Una mandarina envenenada
La noticia podría ser la versión cruda de un cuento de los hermanos Grimm. Una niña y un niño salen de su casa y caminan juntos por senderos rurales. A su alrededor está ese verde que es a la vez vivo y leve como la luz de las seis de la tarde. Rocío tiene 12 años y va a tomar su primera comunión. Su sobrino, Damián, tiene 10 y pidió acompañarla. Los dos andan con la mirada brillante y el corazón agitado, porque a sólo 15 cuadras está la capilla.
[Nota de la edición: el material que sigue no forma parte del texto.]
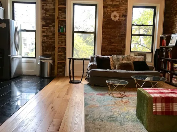 (ALL UTILITIES INCLUDED / BROWNSTONE) Renovated bathroom and kitchen with black-on-black appliances (including dishwasher and microwave). Hardwood floors. Exposed brick Walls. High ceilings and non-railroad bedrooms. Close to all - transportation, Barclays Center, restaurants, cafés, P.S. 39 school district. FREE Laundry room in building. Available September 1st Must see - Will not last !!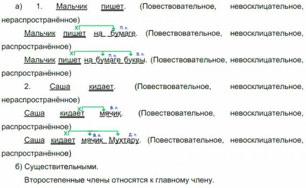 б) Словами какой части речи были дополнены предложения? Определи падеж этих слов. К какому слову каждое из них относится? Что общего между второстепенными членами предложений?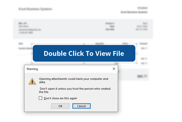 We can clearly see from the above images, the victim is deceived into double-clicking an overlay image to view the content that they thought be. Assuming the victim clicks to view and on clicking, a warning will appear. If the user interacts by clicking “ok”, the OneNote file will run an attached HTA, VBS, or similar file using the built-in Windows utility hidden behind the picture.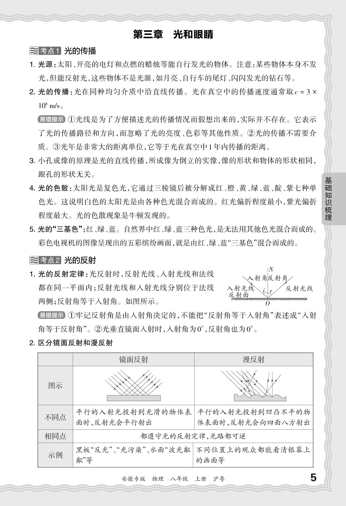 2023秋上册八年级物理沪粤版 期末过课本·基础知识梳理 第三章 光和眼睛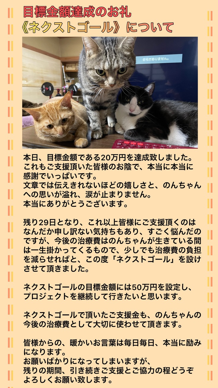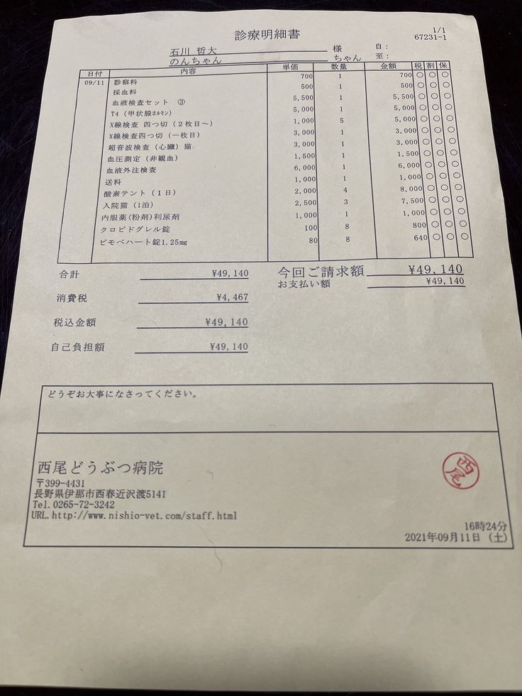 ・心臓病のキャットフード・缶詰 / 3ヶ月 ¥16000 ・通院代 / 3ヶ月 ¥10000 ・定期的な検査代 / 3ヶ月 ¥50000 ・毎日の薬代(4種類) / 3ヶ月 ¥20000 ・酸素室のレンタル代 / 3ヶ月 ¥60000 ・READYFOR手数料12% ¥24000 ・消費税10% ¥20000 合計 ¥200000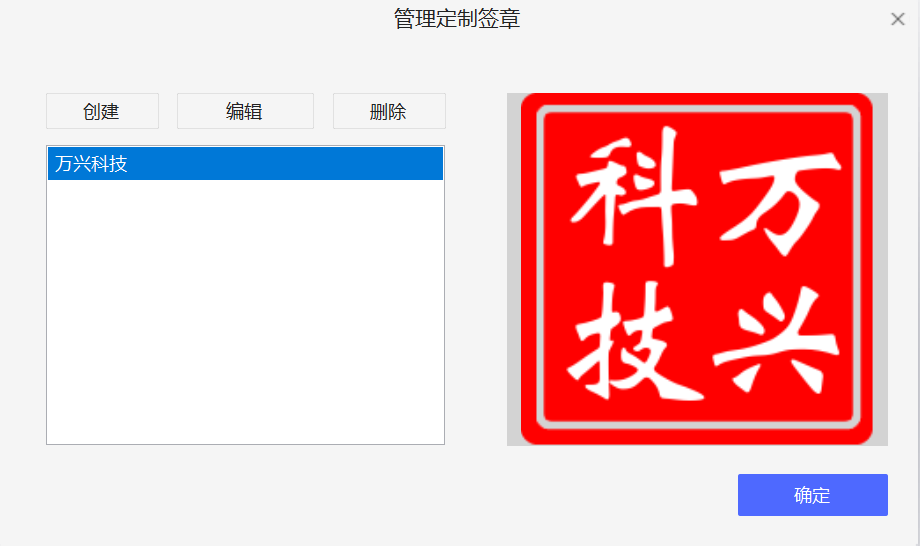删除:过多的签章不利于我们的工作,如果有多于签章需要删除,我们需要先在下面的列表框中选中我们需要删除的签章,然后点击此按钮即可从自定义签章中将其移除。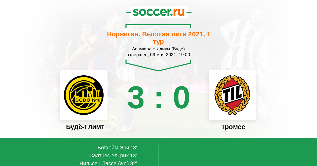 13' (2:0) Салтнес Ульрик (14) (Фет Сондре (19))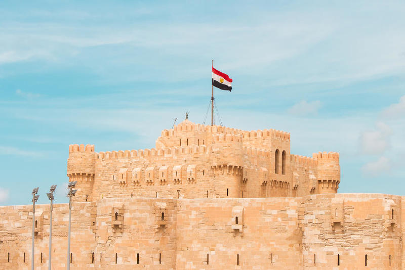 ارتفعت القلعة في سنة 1477 م. بأمر من السلطان الأشرف سيف الدين قايتباي، وذلك على ساحل البحر الأبيض المتوسط، وتحديداً على الجانب الشرقي من الطرف الشمالي لجزيرة "فاروس". كانت جهود قايتباي منصبة على المنظر الدقيق لمنارة الإسكندرية، بيد أن القلعة عرفت أضرارًا جسيمة، أثناء القصف البريطاني على الإسكندرية، وبالتالي فإن القلعة الحالية ليست تلك الأصلية. وهناك، ينصح الزائرون بالمرور بـ"المتحف البحري"، واستكشاف الجزء الداخلي من القلعة للحصول على لمحة عن الهيكل الضخم الذي كان قائمًا في يوم من الأيام.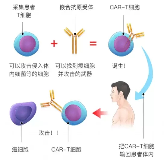CAR-T,全称是Chimeric Antigen Receptor T-Cell Immunotherapy,嵌合抗原受体T细胞免疫疗法。这是2012年左右就已经出现的一种癌症免疫治疗技术,但是近几年才被改良使用到临床上的新型细胞疗法,近期刚刚在中国上市。和其它免疫疗法类似,它的基本原理就是利用病人自身的免疫细胞来清除癌细胞。

Como si fuera parte de la misma magia, a los pocos metros ven en el suelo una mandarina madura y ni lo dudan: fruta, y así regalada como del cielo. Rocío la pela, la parte en mitades, la comen. Pero enseguida se pone raro. Les pasa a los dos: se marean, tiemblan, los ojos se les hinchan como si las pupilas fueran a salírseles en punta. Rocío convulsiona, pierde el conocimiento, cae. Damián avanza como puede a pedir ayuda, pero ya no hay nada que hacer. El veneno que tenía la fruta la mató como hubiera hecho con los pájaros a los que estaba destinado. El final por ahora es ése. No hay hadas ni encantos rotos. Ojalá continúe y haya al menos condenados. Es poco probable. El de Rocío, la niña de Corrientes envenenada con Furadán, un producto que se supone prohibido para muchos usos, pero que se consigue hasta por Internet, es un nombre nuevo en el relato de terror que es nuestro sistema de producción de alimentos. Producimos comida utilizando venenos. Y los venenos están diseñados para matar lo que estorba: hongos, plantas, insectos, animales. Por supuesto no están destinados a matar niños, al menos no, desde que las compañías que los fabrican abandonaron su participación en el negocio bélico post-Vietnam. Pero a veces pasa: con Rocío pasó. También con Nicolás Arévalo, un niño de cuatro años que tuvo la mala idea de pasearse por dentro de una tomatera que había sido regada con Endosulfán. O con Ezequiel Ferreyra, que a los siete años "trabajaba" para un productor de huevos en Buenos Aires manipulando distintos insecticidas. Pasa también cuando los aviones fumigan escuelas y la salud a los niños se les erosiona hasta que enferman. Red de escuelas fumigadas. Red de pueblos fumigados. Red de médicos de pueblos fumigados. El tendido de redes que empieza cuando empieza el campo debería parar el mundo que así como está sólo amenaza con romperse todo.
"Los agroquímicos no son necesarios para satisfacer la demanda de alimentos. Es simplemente un mito": con esa contundencia se presentó hace unos meses el informe de la relatora del derecho a la alimentación de las Naciones Unidas, Hilal Elver. Allí los expertos exponen cómo los agroquímicos destruyen la salud, la naturaleza y la comida, mientras sólo sirven para nutrir negocios. "Una amenaza contra los derechos humanos", sentencian, y proponen la agroecología como el futuro posible, si queremos tener uno. Pero, claro, también advierten sobre la presión que ejercen los fabricantes sobre los gobiernos y la comunidad científica. Un combo eficaz que sostiene lo insostenible, mientras construye nuevas tramas que superan las fantasías más perversas de los hermanos Grimm.